Please restate the data that follows word for word, with the pictures left out.

--- THE DATA ---

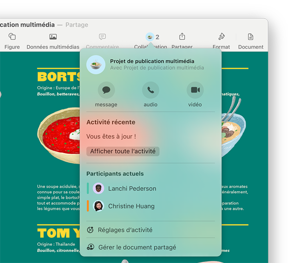 Collaborez et partagez facilement vos fichiers, dossiers, documents et autres contenus lorsque vous êtes en déplacement. Il vous suffit d’envoyer un lien privé et de choisir qui peut afficher, partager ou modifier le projet. Et grâce aux actualisations en temps réel, vous pouvez voir les changements s’opérer en direct.
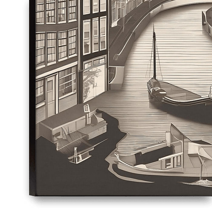 Eine sepia-toned, stilisierte Illustration einer niederländischen Kanalszene. Klassische niederländische Architektur, mit gabled roofs und hohen Gebäuden, zeichnet einen Kanal, der sich sanft durch das Bild schlängelt. Die Gebäude sind in verschiedenen Schattierungen von Grau und Braun gehalten und haben prominente Fenster. Eine…
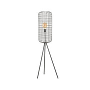 Vloerlamp Solido heeft een grote kap bestaand uit horizontale en verticale metaaldraden uitgevoerd in zwart. De mooie open structuur zorgt voor een optimale lichtspreiding en door het rastervormige frame ontstaat er een mooi lichteffect als de lamp brandt. De driepoot geeft het geheel een speels effect en zorgt er daarnaast voor dat de lamp stevig op de grond blijft staan. Solido is voorzien van een zwart strijkijzerkoord met een draaibare dimmer op het snoer om de gewenste hoeveelheid licht in te kunnen stellen.

---

RESULT OF THIS TASK:
 Collaborez et partagez facilement vos fichiers, dossiers, documents et autres contenus lorsque vous êtes en déplacement. Il vous suffit d’envoyer un lien privé et de choisir qui peut afficher, partager ou modifier le projet. Et grâce aux actualisations en temps réel, vous pouvez voir les changements s’opérer en direct.
 Eine sepia-toned, stilisierte Illustration einer niederländischen Kanalszene. Klassische niederländische Architektur, mit gabled roofs und hohen Gebäuden, zeichnet einen Kanal, der sich sanft durch das Bild schlängelt. Die Gebäude sind in verschiedenen Schattierungen von Grau und Braun gehalten und haben prominente Fenster. Eine…
 Vloerlamp Solido heeft een grote kap bestaand uit horizontale en verticale metaaldraden uitgevoerd in zwart. De mooie open structuur zorgt voor een optimale lichtspreiding en door het rastervormige frame ontstaat er een mooi lichteffect als de lamp brandt. De driepoot geeft het geheel een speels effect en zorgt er daarnaast voor dat de lamp stevig op de grond blijft staan. Solido is voorzien van een zwart strijkijzerkoord met een draaibare dimmer op het snoer om de gewenste hoeveelheid licht in te kunnen stellen.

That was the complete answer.